Indexes And Metadata

Description

How to program your custom fields and data queries through portal_catalog.

What does indexing mean?

Indexing is the action to make object data search-able. Plone stores available indexes in the database.

You can create them through-the-web and inspect existing indexes in portal_catalog on Index tab.

The Catalog Tool can be configured through the Management Interface or programatically in Python but current best practice in the CMF world is to use GenericSetup to configure it using the declarative catalog.xml file. The GenericSetup profile for Plone, for example, uses the CMFPlone/profiles/default/catalog.xml XML data file to configure the Catalog Tool when a Plone site is created.

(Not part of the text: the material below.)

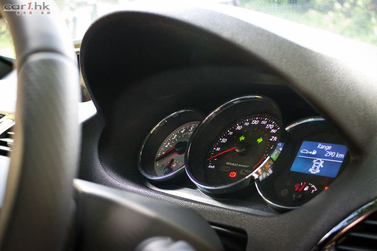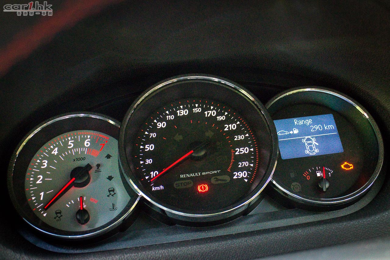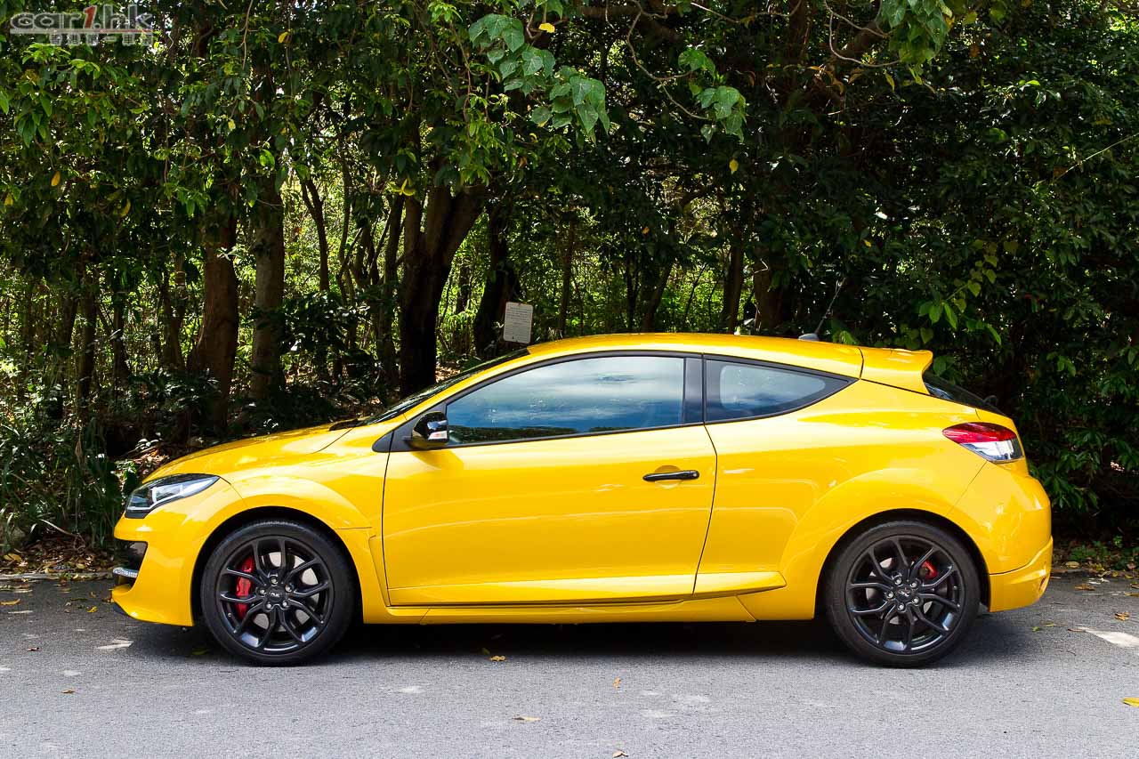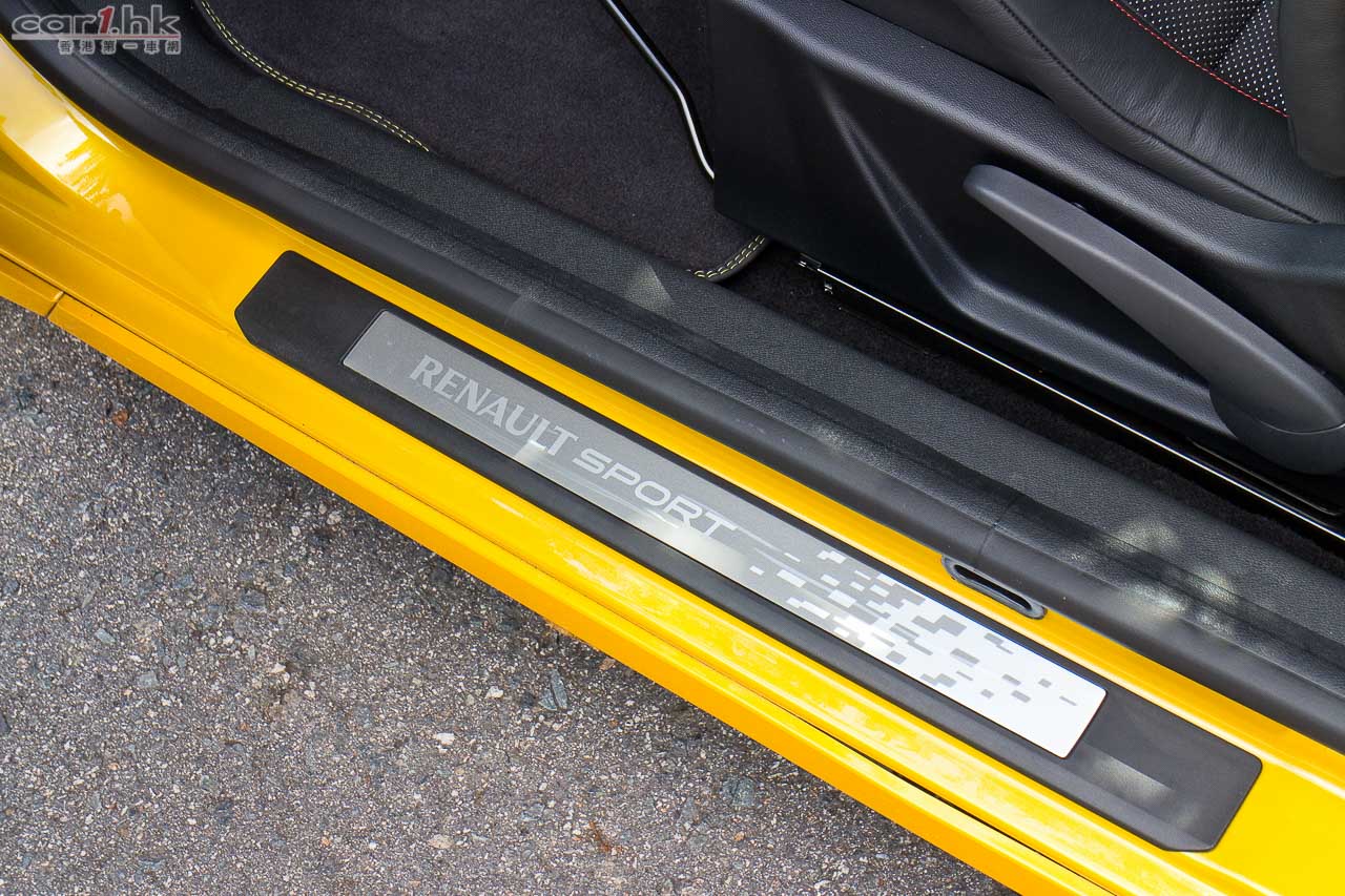 車廂裡,同形狀的 Recaro 座椅,皮革/纖維布混合,貼身的側墊和角度向上的椅墊,既夾腰又兜大腿,賽車感覺強,落場駕駛能提供很好的承托力,但日常用,長久並不很舒適。舊款車廂見到的黃色安全帶、波棍和軚盤黃色縫線,這部變為紅色。R.S. 獨有的軚盤 12 點「回中」縫線、鋁質腳踏、碳灰色扮碳纖維花的錶板飾塊、椅背和錶板等地方上的「Renault Sport」Logos 一樣;還有是那接合得極快的離合器,極難吊 clutch 和控制得順暢,起步死火是常事,但起行後索性彈clutch轉波,能提供極快捷的接合反應。難於 heel-and-toe 的腳踏位置,當然維持一樣。唯一不同的,是錶板上的 R.S. Monitor 顯示屏,舊款像是隧道入口的小盒蓋,新款改用像是 tablet 平板電腦的 touchscreen 彩色顯示,除馬力、扭力輸出、turbo 壓力、油門角度、進氣溫度、機油溫度、G-force 錶、Lap times 圈速計時、0–100km/h 和 0–400M 加速計時等原有功能(但有更似打機的圖像)外,R-Link 功能有 TomTom 衛星導航、多媒體控制和免提電話等。新年度的 Megane R.S 售價 $385,000,$40 萬樓下的,很難想到有甚麼高性能類別汽車有比得上它的加速性能、操控樂趣、一見難忘的外形和不算易開的挑戰性。

It is fairly readable so taking a quick look through it can be very informative.

When using a GenericSetup extension profile to customize the Catalog Tool in your portal, you only need to include XML for the pieces of the catalog you are changing. To add an index for the Archetypes location field, as in the example below, a policy package could include the following profiles/default/catalog.xml:

<?xml version="1.0"?>
<object name="portal_catalog" meta_type="Plone Catalog Tool">
 <index name="location" meta_type="FieldIndex">
  <indexed_attr value="location"/>
 </index>
</object>

The GenericSetup import handler for the Catalog Tool also supports removing indexes from the catalog if present using the “remove” attribute of the <index> element. To remove the “start” and “end” indexes used for events, for example, a policy package could include the following profiles/default/catalog.xml:

<?xml version="1.0"?>
<object name="portal_catalog" meta_type="Plone Catalog Tool">
 <index name="start" remove="True" />
 <index name="end" remove="True" />
</object>

Warning

Care must be taken when setting up indexes with GenericSetup - if the import step for a catalog.xml is run a second time (for example when you reinstall the product), the indexes specified will be destroyed, losing all currently indexed entries, and then re-created fresh (and empty!). If you want to workaround this behavior, you can either update the catalog afterwards or add the indexes yourself in Python code using a custom import handler.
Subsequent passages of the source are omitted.